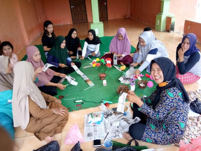 Pembuatan pot bunga dari bahan bekas
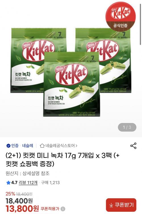 [지마켓] 킷캣 미니 녹차 17g 7개입 3팩 (2+1) (13,110원/무료)
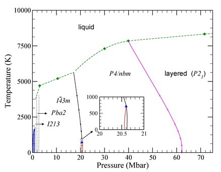 自2004年Eremets等人在实验上合成了立方结构的纯氮聚合物以来,氮元素在高压下的行为和新结构一直是国际高压领域中的研究热点之一。最近,随着动态冲击波压缩等高压技术的进展,实验上能达到的最高压强已进入TPa(相当于一千万个大气压)范围,元素在超高压下的相变越来越受人关注。但到目前为止,人们对于氮元素在超高压下的行为知之甚少,而实验上也需要一定的理论模型来认识和理解各种数据,这一切都使得对超高压下氮元素行为的理论探索变得很有必要和紧迫。
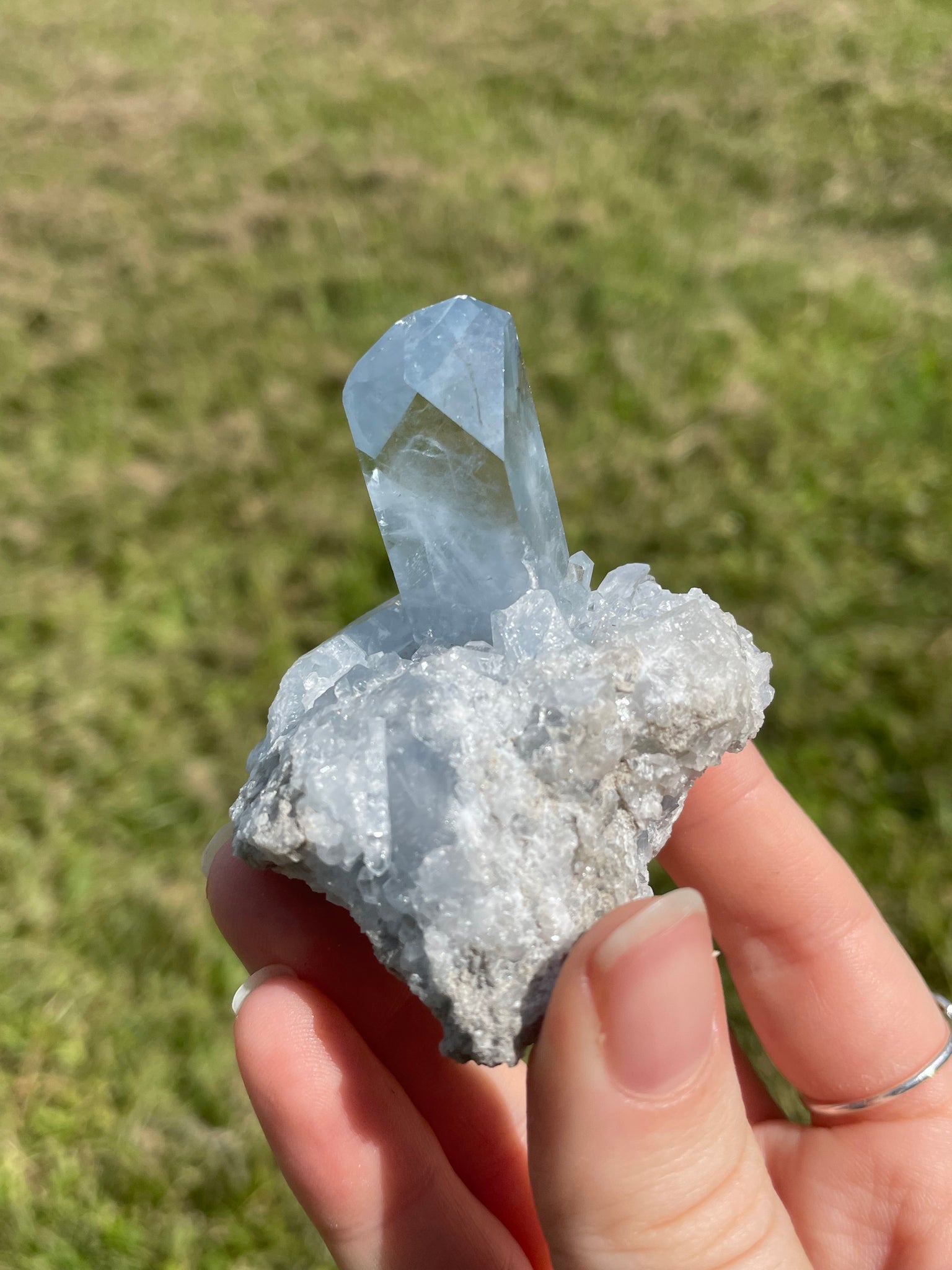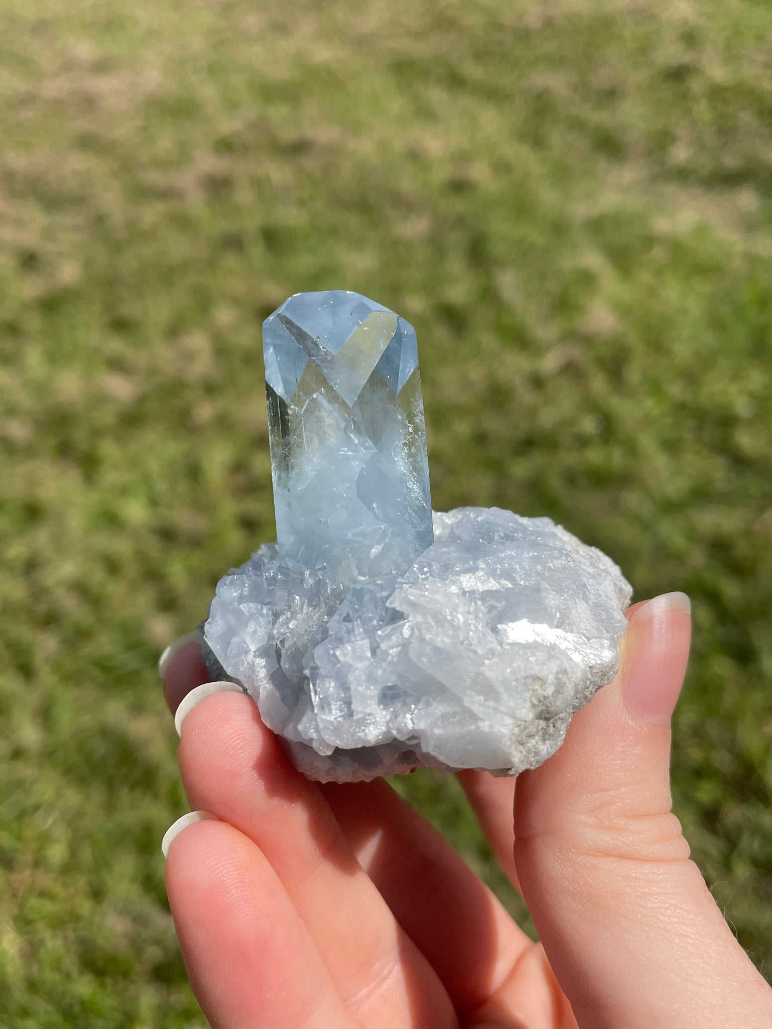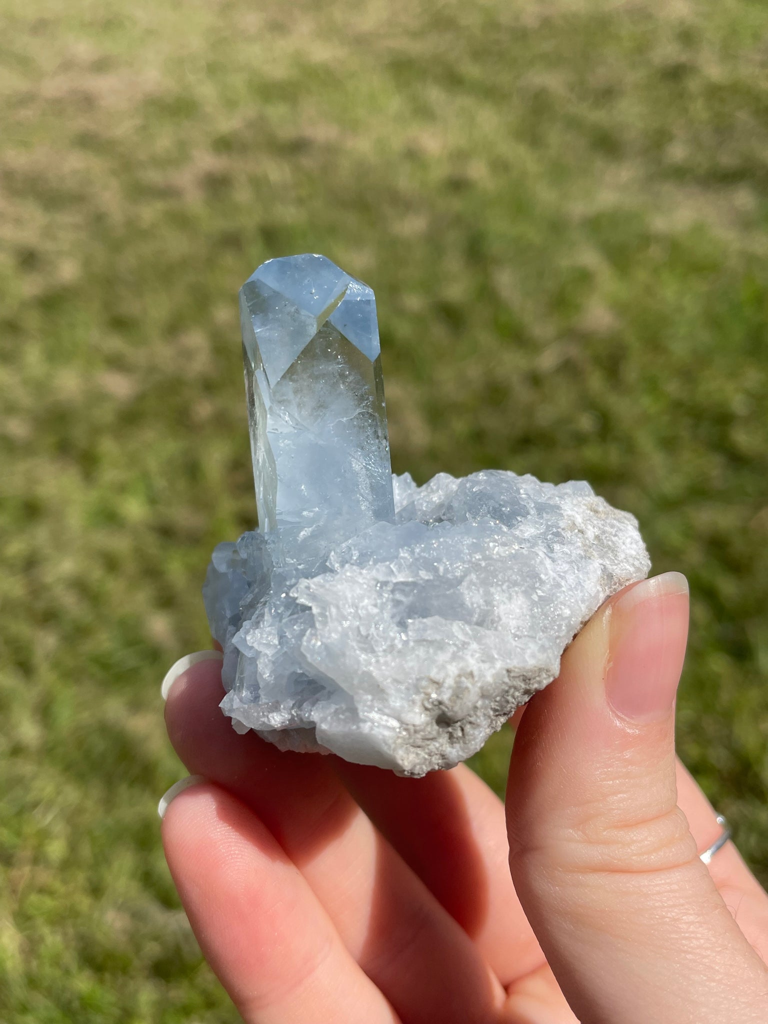 This piece features a light blue Celestite crystal rising up from matrix. The focal crystal exhibits a somewhat uncommon, rippling growth pattern on one side. From Sakoany Mine, Mitsinjo Department, Boeny Region, Mahajanga Province, Madagascar.
== == ==
### Brief
Print exactly the lines from the line with "自2004年Eremets等" through the end of the data, both ends included, and print no pictures.

### Reply to the exercise
 自2004年Eremets等人在实验上合成了立方结构的纯氮聚合物以来,氮元素在高压下的行为和新结构一直是国际高压领域中的研究热点之一。最近,随着动态冲击波压缩等高压技术的进展,实验上能达到的最高压强已进入TPa(相当于一千万个大气压)范围,元素在超高压下的相变越来越受人关注。但到目前为止,人们对于氮元素在超高压下的行为知之甚少,而实验上也需要一定的理论模型来认识和理解各种数据,这一切都使得对超高压下氮元素行为的理论探索变得很有必要和紧迫。
 This piece features a light blue Celestite crystal rising up from matrix. The focal crystal exhibits a somewhat uncommon, rippling growth pattern on one side. From Sakoany Mine, Mitsinjo Department, Boeny Region, Mahajanga Province, Madagascar.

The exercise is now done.